Michel Bouquet incarnant le peintre Renoir? L’idée est forcément alléchante de voir l’immense acteur jouant un Renoir âgé, maugréant et souffrant comme une bête. Seule la peinture et une jeune et pétillante modèle, Andrée (Christa Théret), donneront à cet homme fatigué un dernier souffle de vie dans le cadre idyllique de la Côte d’Azur.
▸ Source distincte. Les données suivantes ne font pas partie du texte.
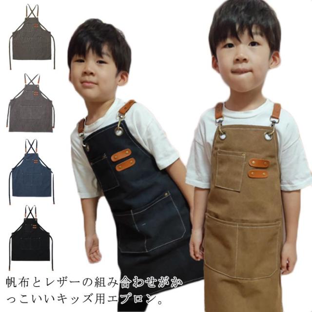 キッズ エプロン キャンバス 帆布 エプロン 無地 シンプル おしゃれ かっこいい 子供 エプロン ジュニア 女の子 男の子 こども用 子ども用 前掛け 子供用エプロン 幼稚園 保育園 小学校 中学校 給食 入学準備 入園準備 撥水 レザー ポケット付き 送料無料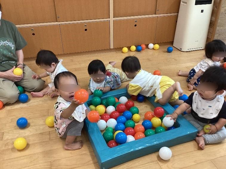 こちらは、ひよこ組で今人気のボールプールです。色とりどりのボールを手に取り、転がるボールをハイハイで追いかけたり、投げたりして笑顔があふれます。最近は四角いサークルの中に自ら入り、お風呂でゆったりとくつろいでいるような姿も見られてかわいいですよ。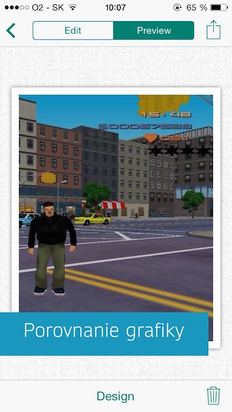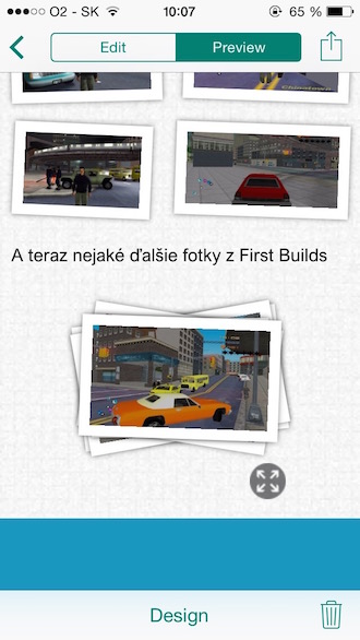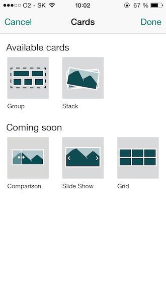 Mobilné rozhranie aplikácie je veľmi jednoduché a hlavne automatizované. To znamená, že máte pred sebou plátno, na ktoré doslova len pridávate nový obsah. Mne sa prostredie páči, okamžite viete, aké máte k dispozícii funkcie a nemusíte sa pohybovať v tone všelijakých nastavení. V paneli si skrátka vyberiete, či chcete pridať obrázok alebo text, spraviť fotku alebo spraviť kolekcie fotiek. Nateraz máte možnosť spraviť galériu fotiek alebo zhrnutie, v ktorom sa pohybujete ťukaním na fotky. V budúcnosti však pribudne aj možnosť pridávania porovnávacích „slidov“, teda môžete priamo ukázať, ako sa vyvinul projekt od predošlého konceptu. Dôležitou súčasťou je tiež možnosť rýchlo zmeniť dizajn celej prezentácie a to pomocou tlačidla Design. Vlastne, navrhnutie nového dizajnu je záležitosť dvoch ťuknutí, najprv si vyberiete grafický motív a potom určite, či chcete, aby sa prezentácia pohybovala zhora nadol alebo zľava doprava.

Dans le film de Gilles Bourdos, il y a en fait deux Renoir: le père au crépuscule de sa vie et l’un de ses fils, Jean (Vincent Rottiers) cherchant sa vocation artistique. Le film rappelle d’ailleurs à ceux qui l’ignoraient (sic) que Jean Renoir est devenu un des plus grands réalisateurs de cinéma… C’est un peu ça le problème avec le film de Gille Bourdos: c’est qu’il s’emmêle parfois les pinceaux (c’est la cas de le dire) en cherchant quel Renoir il va conter. Des deux Renoir, celui de Jean est complétement mis de côté au profit de Pierre-Auguste le patriarche. On aurait voulu plus de profondeur dans cette relation filiale exceptionnelle.

En plus, le film a la fâcheuse tendance à vouloir trop montrer, tout expliquer. Si vous ajoutez la bande-son omniprésente, pourtant joliment composée par l’inévitable Alexandre Desplat, le film est ainsi plombé par ses lourdeurs et ses maladresses.

Cependant le cinéaste parvient à transmettre une fraicheur et une grâce dans ce cadre de verdure, dans cette formidable maison (tourné au domaine du Rayol à Canadel-sur-Mer), loin des horreurs de la guerre (nous sommes en 1915). La photographie de Mark Ping Bing Lee, qui collabore aux côtés de Wong Kar-wai est éblouissante.

En père écrasant et écrasé par la souffrance, Michel Bouquet est excellent. En parfait « scrogneugneu », comme lui fait remarquer Andrée, il sait également du fond de ses orbites incarner la douleur d’un vieillard. C’est poignant. Christa Therét convainc, et la tâche était rude d’exister face à Michel Bouquet, même si elle a tendance à surjouer un peu. Les domestiques en font par contre des tonnes… Il faut aussi signaler la main de Renoir: c’est un ancien faussaire sorti de prison, Guy Ribes, qui exécute à la perfection les toiles du film…

Resteront les images de ce « Renoir », la beauté de la chair des femmes, plus que son scénario qui manque de consistance.